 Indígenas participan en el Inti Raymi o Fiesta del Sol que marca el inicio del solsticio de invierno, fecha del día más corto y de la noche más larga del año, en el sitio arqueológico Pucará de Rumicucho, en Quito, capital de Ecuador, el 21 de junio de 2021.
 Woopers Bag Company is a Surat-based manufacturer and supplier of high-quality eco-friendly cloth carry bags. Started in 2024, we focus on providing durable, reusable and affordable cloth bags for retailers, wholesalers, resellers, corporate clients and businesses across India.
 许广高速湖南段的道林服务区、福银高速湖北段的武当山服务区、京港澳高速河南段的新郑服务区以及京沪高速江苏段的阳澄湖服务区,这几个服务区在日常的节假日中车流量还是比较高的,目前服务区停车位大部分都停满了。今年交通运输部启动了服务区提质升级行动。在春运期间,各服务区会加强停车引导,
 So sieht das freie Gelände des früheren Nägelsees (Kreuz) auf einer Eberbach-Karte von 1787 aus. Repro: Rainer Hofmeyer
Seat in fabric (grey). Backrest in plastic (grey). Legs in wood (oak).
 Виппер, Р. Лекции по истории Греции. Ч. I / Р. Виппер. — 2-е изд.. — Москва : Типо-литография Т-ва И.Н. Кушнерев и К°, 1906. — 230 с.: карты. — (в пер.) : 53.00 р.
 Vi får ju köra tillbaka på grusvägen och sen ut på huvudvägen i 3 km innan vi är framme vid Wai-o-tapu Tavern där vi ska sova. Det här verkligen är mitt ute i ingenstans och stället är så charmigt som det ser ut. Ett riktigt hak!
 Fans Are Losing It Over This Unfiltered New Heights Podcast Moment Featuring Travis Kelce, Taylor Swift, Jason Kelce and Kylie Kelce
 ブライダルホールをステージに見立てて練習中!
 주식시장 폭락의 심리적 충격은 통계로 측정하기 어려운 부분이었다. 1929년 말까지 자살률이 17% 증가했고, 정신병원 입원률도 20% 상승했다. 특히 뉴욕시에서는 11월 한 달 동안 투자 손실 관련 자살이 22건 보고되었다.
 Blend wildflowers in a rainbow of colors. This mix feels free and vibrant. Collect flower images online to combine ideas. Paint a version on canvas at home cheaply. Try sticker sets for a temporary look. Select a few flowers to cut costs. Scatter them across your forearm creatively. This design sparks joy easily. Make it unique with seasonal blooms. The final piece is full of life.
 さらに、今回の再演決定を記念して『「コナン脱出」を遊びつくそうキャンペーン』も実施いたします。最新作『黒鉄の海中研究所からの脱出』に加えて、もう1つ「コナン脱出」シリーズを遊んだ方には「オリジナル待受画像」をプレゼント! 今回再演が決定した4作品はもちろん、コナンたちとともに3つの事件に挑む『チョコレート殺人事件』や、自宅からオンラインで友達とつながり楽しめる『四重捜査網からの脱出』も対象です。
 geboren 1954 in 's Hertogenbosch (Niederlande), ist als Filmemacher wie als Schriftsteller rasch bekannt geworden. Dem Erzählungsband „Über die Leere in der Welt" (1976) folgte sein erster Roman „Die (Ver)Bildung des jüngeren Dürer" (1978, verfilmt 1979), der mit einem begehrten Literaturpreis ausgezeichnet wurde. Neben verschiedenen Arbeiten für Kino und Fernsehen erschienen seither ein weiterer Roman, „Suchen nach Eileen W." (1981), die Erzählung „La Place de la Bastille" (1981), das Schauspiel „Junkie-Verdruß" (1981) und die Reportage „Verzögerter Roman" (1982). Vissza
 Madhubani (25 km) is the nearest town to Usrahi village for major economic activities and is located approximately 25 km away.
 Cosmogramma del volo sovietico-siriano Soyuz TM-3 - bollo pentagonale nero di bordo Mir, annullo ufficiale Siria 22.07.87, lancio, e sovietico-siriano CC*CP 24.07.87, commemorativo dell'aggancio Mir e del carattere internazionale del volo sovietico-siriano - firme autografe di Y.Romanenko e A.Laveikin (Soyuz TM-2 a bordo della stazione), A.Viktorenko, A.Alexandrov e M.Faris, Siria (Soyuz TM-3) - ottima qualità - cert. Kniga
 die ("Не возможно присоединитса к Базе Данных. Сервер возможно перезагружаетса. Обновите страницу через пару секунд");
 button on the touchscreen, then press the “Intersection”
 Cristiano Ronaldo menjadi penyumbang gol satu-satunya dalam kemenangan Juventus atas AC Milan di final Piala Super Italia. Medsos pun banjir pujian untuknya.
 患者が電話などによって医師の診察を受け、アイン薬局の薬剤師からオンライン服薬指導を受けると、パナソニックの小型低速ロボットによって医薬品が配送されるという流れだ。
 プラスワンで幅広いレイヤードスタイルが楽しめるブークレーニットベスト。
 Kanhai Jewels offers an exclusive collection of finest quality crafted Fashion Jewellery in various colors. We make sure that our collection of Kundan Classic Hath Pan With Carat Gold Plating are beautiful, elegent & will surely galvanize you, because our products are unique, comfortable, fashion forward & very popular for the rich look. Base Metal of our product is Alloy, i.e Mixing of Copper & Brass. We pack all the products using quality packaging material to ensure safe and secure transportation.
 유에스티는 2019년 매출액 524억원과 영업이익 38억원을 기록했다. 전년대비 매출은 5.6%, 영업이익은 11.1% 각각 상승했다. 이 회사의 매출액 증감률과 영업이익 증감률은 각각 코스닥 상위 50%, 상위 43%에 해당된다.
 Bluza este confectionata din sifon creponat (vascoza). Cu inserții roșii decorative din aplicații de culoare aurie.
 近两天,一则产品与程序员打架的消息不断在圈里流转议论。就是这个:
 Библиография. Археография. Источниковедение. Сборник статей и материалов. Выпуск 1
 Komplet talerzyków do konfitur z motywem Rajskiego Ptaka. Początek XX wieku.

__WORK INSTRUCTION__
Each line of the data that contains "This" belongs in the answer.

__EXPECTED ANSWER__
 Fans Are Losing It Over This Unfiltered New Heights Podcast Moment Featuring Travis Kelce, Taylor Swift, Jason Kelce and Kylie Kelce
 Blend wildflowers in a rainbow of colors. This mix feels free and vibrant. Collect flower images online to combine ideas. Paint a version on canvas at home cheaply. Try sticker sets for a temporary look. Select a few flowers to cut costs. Scatter them across your forearm creatively. This design sparks joy easily. Make it unique with seasonal blooms. The final piece is full of life.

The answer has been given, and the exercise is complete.